To be considered a conversion practice under the Bill, a practice must meet ALL of the following elements, which state that a practice is:

  • directed towards someone because of their sexual orientation, gender identity, or gender expression, AND
  • performed with the intention of changing or suppressing their sexual orientation, gender identity, or gender expression.

“The Bill’s definition of conversion practice has been carefully designed to ensure health practitioners providing health services will not be captured; nor will people providing legitimate counselling, support and advice.

“General expressions of religious beliefs or principles about sexuality and gender will also not be captured.

“Delivering on our 2020 election manifesto commitment to prohibit conversion practices will prevent the harm they cause, provide an avenue for redress, and uphold the human rights of all New Zealanders to live free from discrimination and harm.

“What we are doing is in line with prohibitions put in place or being considered in other countries, including the US, Canada, Germany, the UK, and the Australian states of Queensland, Victoria and the Australian Capital Territory.

“I propose that once the Conversion Practices Prohibition Legislation Bill has had its first reading it goes to the Justice Select Committee for public submissions.

“I would encourage people to take the opportunity, through the select committee process, to share their input,” Kris Faafoi said.

The Conversion Practices Prohibition Legislation Bill can be found here:

https://www.legislation.govt.nz/bill/government/2021/0056/latest/LMS487197.html

Frequently Asked Questions:

  1. How does the Bill define conversion practices?

To be considered a conversion practice under the Bill, a practice must meet ALL the elements of the definition and be:

  • directed towards a person because of their sexual orientation, gender identity, or gender expression, AND
  • performed with the intention of changing or suppressing the person’s sexual orientation, gender identity, or gender expression.

The definition explicitly excludes practices by health practitioners acting within their scope of practice, and other practices such as assisting a person who is undergoing a gender transition, or facilitating a person’s coping skills, development, or identity exploration.

The definition clarifies that it does not capture the expression of a religious principle or belief that is not intended to change or suppress a person’s sexual orientation, gender identity, or gender expression.

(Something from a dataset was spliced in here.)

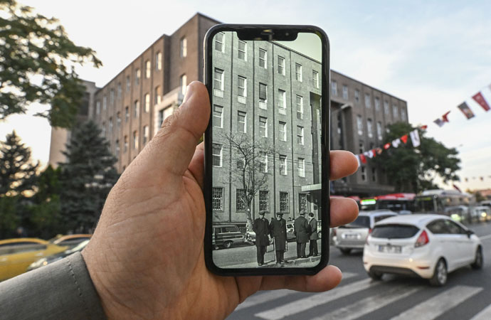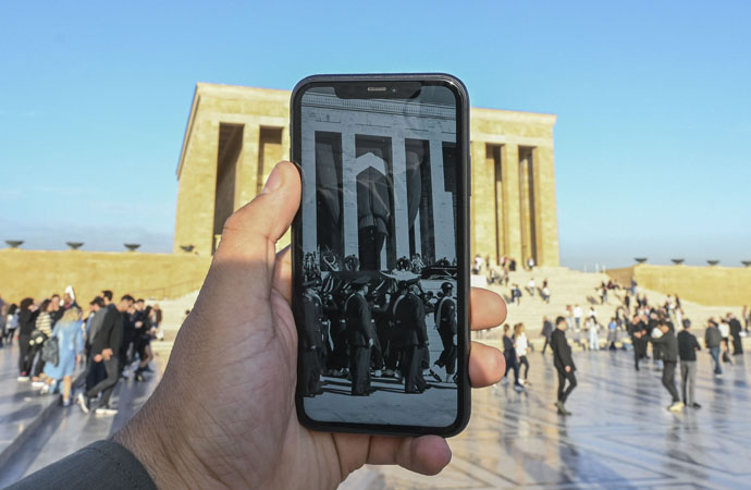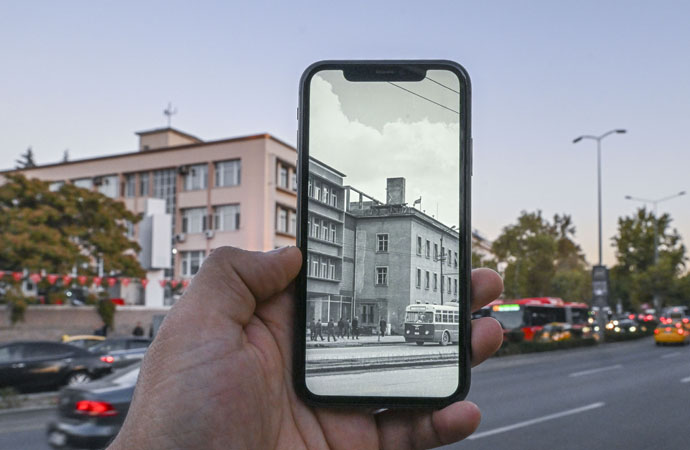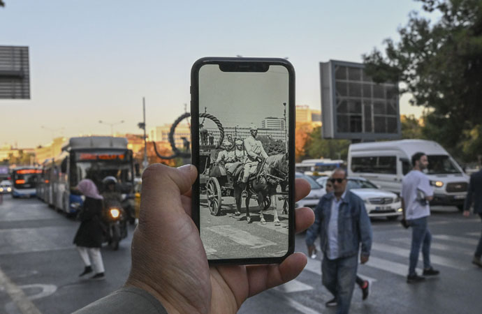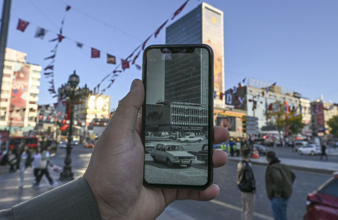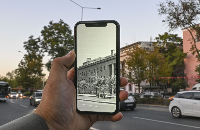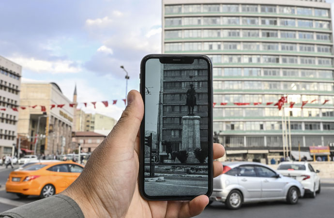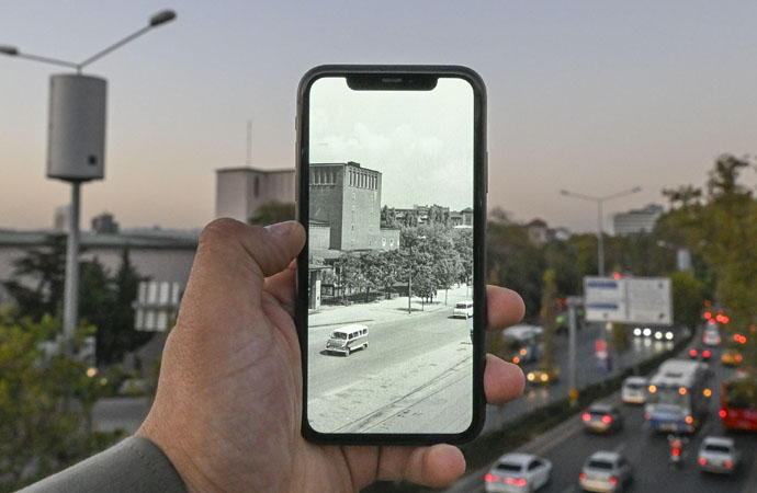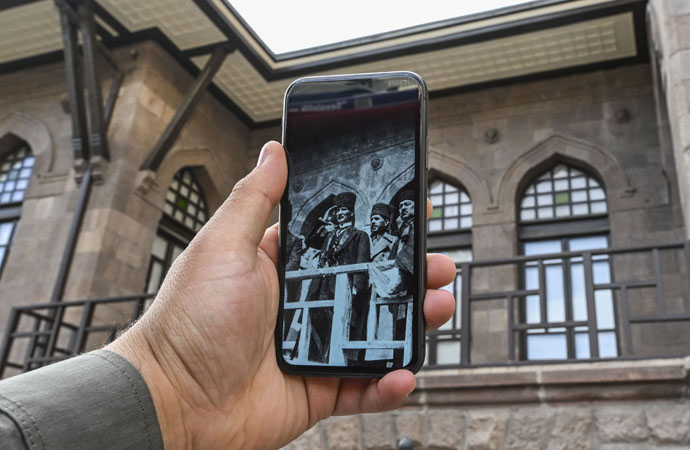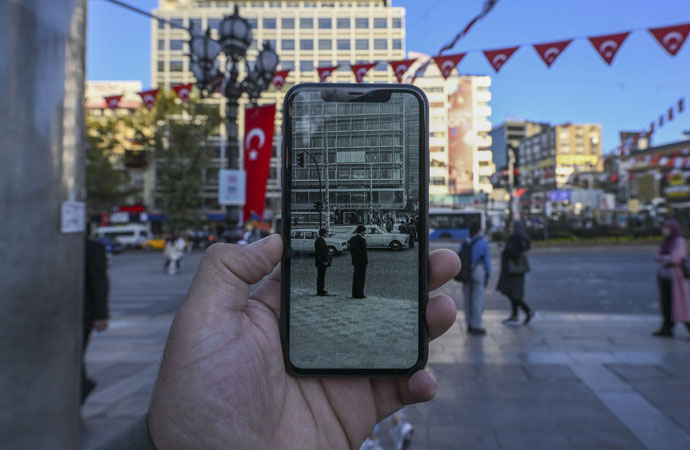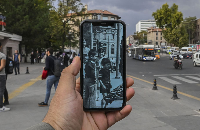 Anadolu Ajansı (AA) tarafından yapılan çalışmada, cep telefonu ekranına bir bölümü yansıtılan siyah-beyaz fotoğraflar, aynı açıdan geniş bir kadraj içerisinde yeniden çekildi.

  1. How does the Bill propose to prohibit conversion practices?

The Bill uses both the criminal and civil law to prohibit and deter the performance of conversion practices.

Criminal offences

The Bill creates two new criminal offences where there is either a heightened risk of harm – as in the case of conversion practices performed on people under the age of 18 or people with impaired decision-making capacity – or where it can be demonstrated that a person has suffered serious harm as a result of conversion practices.

These criminal offences are intended to capture particularly serious cases and to send a clear message that conversion practices are unacceptable and should not be occurring in New Zealand.

To trigger a criminal offence, a conversion practice has to cause intended harm AND meet ALL the elements listed in Question 1 above.

Civil redress scheme

The Bill also creates a civil pathway for redress. The Human Rights Commission will be able to receive complaints about conversion practices and provide services to facilitate a resolution. Where a complaint cannot be resolved using the Commission’s services, a claim can be taken to the Human Rights Review Tribunal. The Tribunal will be able to grant a range of remedies, such as a declaration that a wrong has occurred, an order restraining a person or organisation from continuing to perform conversion practices, or an award of damages.

  1. What other support will be available?

The Human Rights Commission will also play an important role in providing education about conversion practices and the prohibition, and in making survivors aware of how to access the support that they may need.